The survey encourages universities to integrate skills in degree courses as “universities cannot remain isolated from the society”.
“One size cannot fit all. Our university systems work on elitist courses. If we’re promoting the concept of Swacch Bharat, we need to teach children on how to build scientific and cheap toilets. However, such things are construed as socially of a lower level. Local issues and livelihood generation can prove an important component of revenue model,” said B N Jagtap.

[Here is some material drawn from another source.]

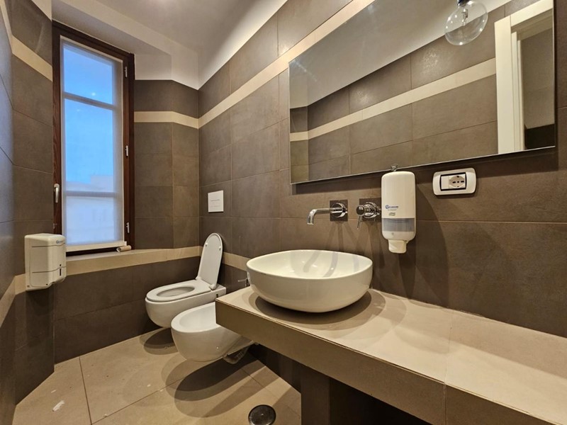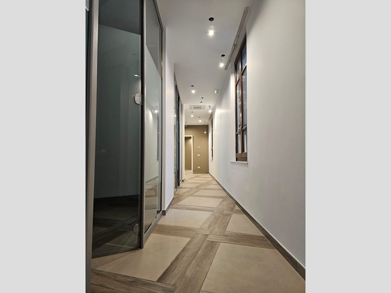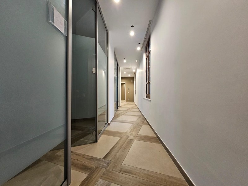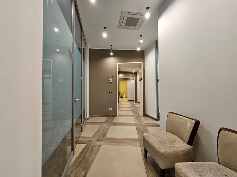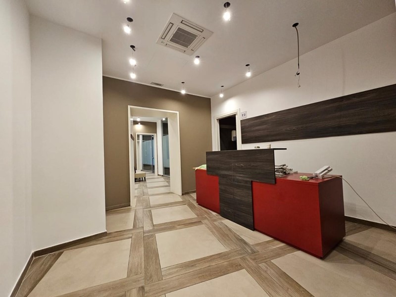 Recentemente ristrutturato con gusto con materiali di alto livello, l'immobile vanta una superficie commerciale di circa 270 mq dislocati su unico livello oltre ad un bellissimo e grande terrazzo interno dove poter riposare durante le lunghe giornate lavorative. Grazie alla sua disposizione planimetrica interna, la proprietà si presta per essere adibita a numerose attività che vanno da uno studio dentistico ad uno studio di associati, fino ad arrivare ad un centro chirurgo/estetico di alto livello. Attualmente l'immobile si compone da ingresso con cappottiera, doppio ufficio con affacci su p.zza Matteotti, reception, wc di servizio, doppi servizi igienici completi, zona macchinari ed ulteriori cinque ampie stanze adibite ad uso ufficio.

Some of the themes suggested by the authors to state universities for future include process optimization for jaggery industry, processing of jackfruit for Shivaji University, Kolhapur (SUK), career rehabilitation of disabled soldiers for Savitribai Phule Pune University (SPPU), heritage walks to promote tourism for SPPU, Mumbai University (MU), tribal art and handicraft for Dr Babasaheb Ambedkar Marathwada University (BAMU), and tourism promotion SPPU, MU, BAMU, and Punyashlok Ahilyadevi Holkar Solapur University (PASHU).
The survey also brings to light the dismal participation of state varsities in international games. During the years between 2015-2018, only five students from MU participated in Asian Games.
MU has the highest number of faculty involved in industrial projects (327) and MoUs with industry (252), followed by SUK. Only five departments of MU, and only 55 of its over 800 colleges have been academically audited for its teaching and learning process.
The survey points out, “Percentage of colleges graded A and above among the accredited colleges is another yardstick to assess the quality of higher education. Out of 1,140 accredited colleges in Maharashtra, only 350 colleges (30.7 per cent) have secured A grade and above.”